The cab smelled of stale cigarette smoke, the backseat had been slashed and the guts were spilling out; it was also stuck in traffic on Madison Avenue, but the driver, a surly
Puerto Rican, was mercifully silent until suddenly he barked, “Where you from?”

“Cornwall,” said Pagan, who never thought of herself as English. She added, “The warmest part of Britain,” and thought that wasn’t saying much. Pagan’s pallor
was due to poor circulation; she had always suffered from cold weather, which was eleven months of the year at home. As a child she had hated to put her naked feet out of bed on winter mornings and
hurriedly plunged her chilblains into sheepskin slippers. Her first frenzied love-hate relationship was with her warm but uncomfortable winter underclothes; the scratchy, cream wool combination
suit that covered her from neck to ankle, with sagging sanitary trapdoor that unbuttoned at the back; the prickly, flannel Liberty bodice, a vestlike garment that ended at the stomach with long,
dangling suspenders to hold up her thick woolen stockings.

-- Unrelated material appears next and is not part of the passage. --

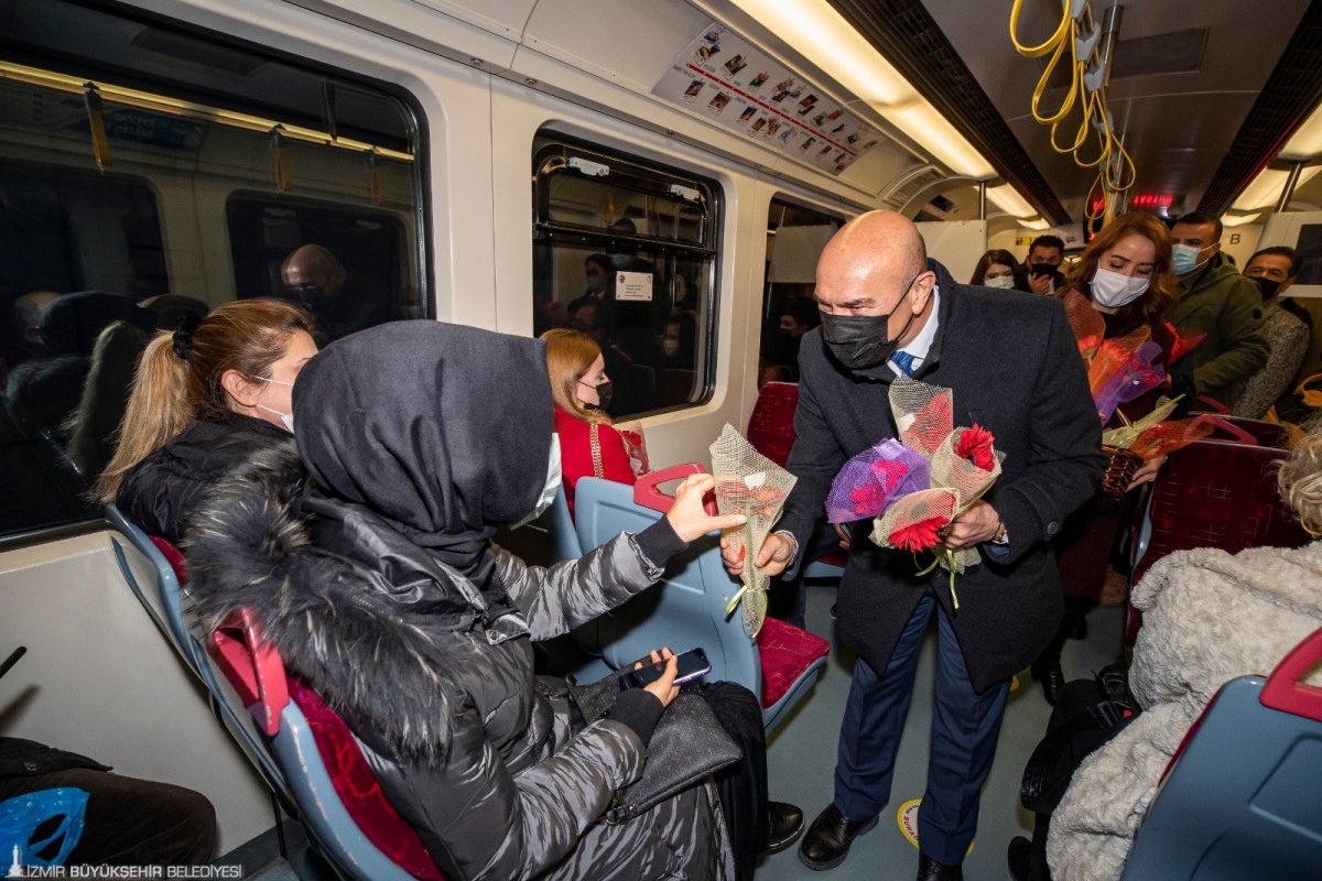 İzmir Büyükşehir Belediye Başkanı Tunç Soyer, 8 Mart Dünya Kadınlar Günü nedeniyle sabahın erken saatlerinde Karataş'taki Tarihi Asansör’ün önünde başlayarak sokakta kadınlara karanfil dağıttı. Kadın makinistler, mühendisler ve çalışanlarla birlikte Karataş'taki tramvay durağına kadar yürüyen Başkan Tunç Soyer tramvaya binerek kadın yolcuların 8 Mart’ını kutladı. Başkan Soyer, Konak'ta tramvaydan inerek İzmir Metrosu'nun Konak durağına kadar yürüdü. Metro ile Basmane istasyonuna giden Başkan Soyer metroda da kadın yolcuların gününü kutladı.

When Pagan was a child, at seven every morning a little housemaid had scurried around Trelawney to light the stoves and the fires, which were banked down or turned off every freezing winter
night at eleven p.m. no matter what time everyone went to bed. Smelly cylindrical oil stoves stood before the lace curtains of the bathrooms and minor bedrooms, open coal fires smoldered in the
principal bedrooms and great, glowing logs were piled in the hall and drawing room, but the long hallway and bathrooms were always freezing, and the food from the home farm was lukewarm when it
finally arrived on the manor table. The uneven flagstones in the dining room always felt cold, even in summer, even through Pagan’s shoes; when she thought no one was looking, Pagan used to
tuck up her feet under her bottom and away from the icy floor—but it was always noticed and she would be told sharply to “sit up like a lady.”